Manajemen PT Krakatau Steel (Persero) Tbk (KRAS) menyampaikan pihaknya sudah memiliki solusi untuk menangani proyek pabrik blast furnace yang mangkrak dan terindikasi terdapat korupsi. Proyek ini ditargetkan bisa mulai beroperasi pada triwulan III 2022.
Sebelumnya, Menteri BUMN Erick Thohir mencurigai adanya indikasi praktik korupsi di perusahaan pelat merah Krakatau Steel seiring dengan jumlah utang perusahaan yang menumpuk. Salah satu proyek yang membuat utang produsen baja itu membengkak adalah blast furnace bernilai US$ 850 juta atau sekitar Rp 13,17 triliun.
“Saat ini kami sudah memiliki dua calon mitra strategis, bahkan satu calon sudah menandatangani memorandum of agreement (MOA) dengan Krakatau Steel," kata Direktur Utama Krakatau Steel Silmy Karim dalam rilis resmi, Selasa (28/9).
Sementara itu, satu mitra lain sudah menyampaikan surat minat untuk bekerja sama dalam hal blast furnace. Silmy menafsirkan, MOA dan surat minat tersebut membuat proyek blast furnace sudah punya solusi.

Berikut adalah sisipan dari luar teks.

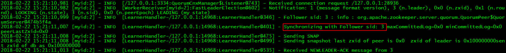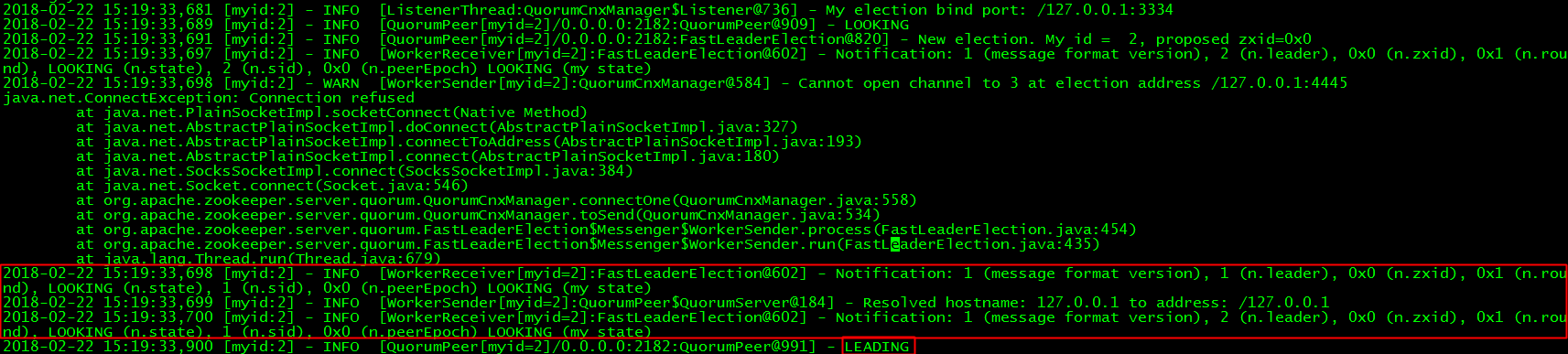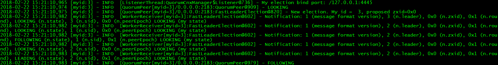 第三行显示z2也发起了一次选举,由于此时z3没有启动,所以它只能和z1进行通信。最终它们使用FastLeaderElection协商出z2作为Leader。
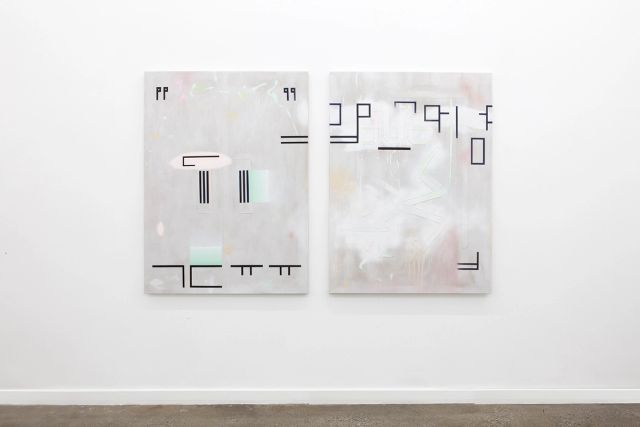 PACE is an aggregate series of reworked paintings that encapsulate a year of lockdown thinking and making. In these new works CrowEST’s preoccupation with visualising sound continues through gestural repetition, erasure and instructional lines that furnish the canvases. It is apparent that CrowEST has suspended clear notation to allow for mess and rough edges paired with sharp forms that reference the developing language of glyphs seen throughout her work. This series of paintings invite you in to relish the space, noise or silence of their marked and textured elds.

Silmy mengatakan, pengoperasian pabrik blast furnace nantinya menggunakan teknologi yang memaksimalkan bahan baku dalam negeri yaitu pasir besi. Penggunaan pasir besi dinilai bisa menghemat biaya produksi dan menurunkan impor bahan baku dari luar negeri yaitu iron ore.
Terkait dengan adanya indikasi penyimpangan atau korupsi di masa lalu terkait proyek pabrik blast furnace, Silmy mengatakan hal itu juga menjadi perhatian manajemen.

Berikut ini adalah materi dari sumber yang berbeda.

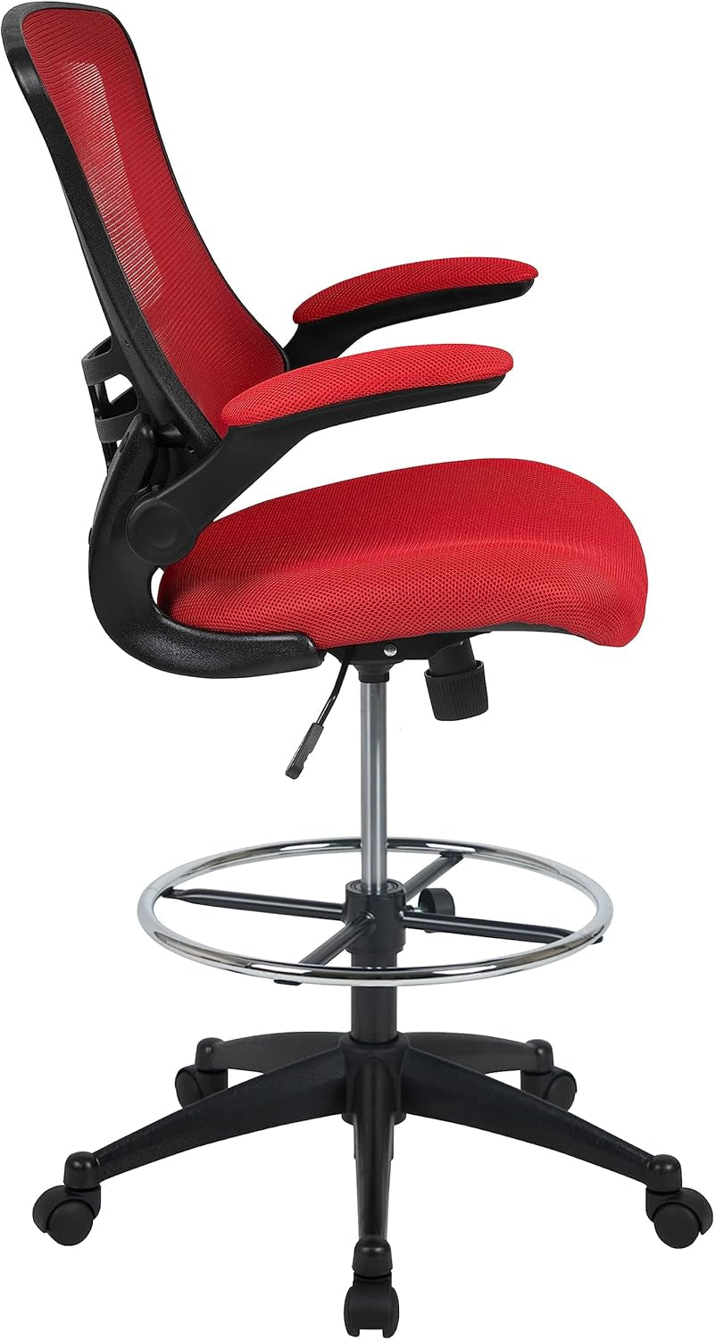 Kelista Red Mid Back Swivel Office Chair With Flip Armrests

"Proyek tersebut diinisiasi pada 2008 dan memasuki masa konstruksi pada 2012. Jauh sebelum dirinya bergabung di Krakatau Steel pada akhir tahun 2018," katanya.
Silmy mengatakan, semua upaya yang dilakukan didukung oleh manajemen yang bebas korupsi. Krakatau Steel sudah menerapkan ISO 37001:2016 sejak Agustus 2020 sebagai upaya pencegahan dan pemberantasan KKN karena merupakan standar internasional.

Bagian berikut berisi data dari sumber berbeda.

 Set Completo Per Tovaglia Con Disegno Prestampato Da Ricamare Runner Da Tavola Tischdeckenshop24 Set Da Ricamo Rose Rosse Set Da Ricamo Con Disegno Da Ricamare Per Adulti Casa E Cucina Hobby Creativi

Sebelumnya, Erick Thohir mencurigai adanya indikasi korupsi di perusahaan pelat merah Krakatau Steel. Praktik tersebut dianggap menyebabkan perusahaan menanggung utang hingga US$ 2 miliar atau setara Rp 31 triliun (berdasarkan asumsi kurs yang dipakai Kementerian BUMN: Rp 15.500)
Erick mengatakan, salah satu proyek yang membuat utang produsen baja itu membengkak adalah blast furnace bernilai US$ 850 juta atau sekitar Rp 13,17 triliun.
"(Proyek) yang hari ini mangkrak. Ini kan hal-hal yang tidak bagus. Pasti ada indikasi korupsi, kami akan kejar siapapun yang merugikan," katanya dalam webinar virtual, Selasa (28/9).
Erick mengatakan, ada kesalahan dalam penegakan hukum terhadap proses bisnis, dan hal itu harus diperbaiki. "Kami tidak mau karena penugasan, ini banyak proyek mangkrak dan terjadi korupsi karena tanpa proses bisnis yang baik," katanya.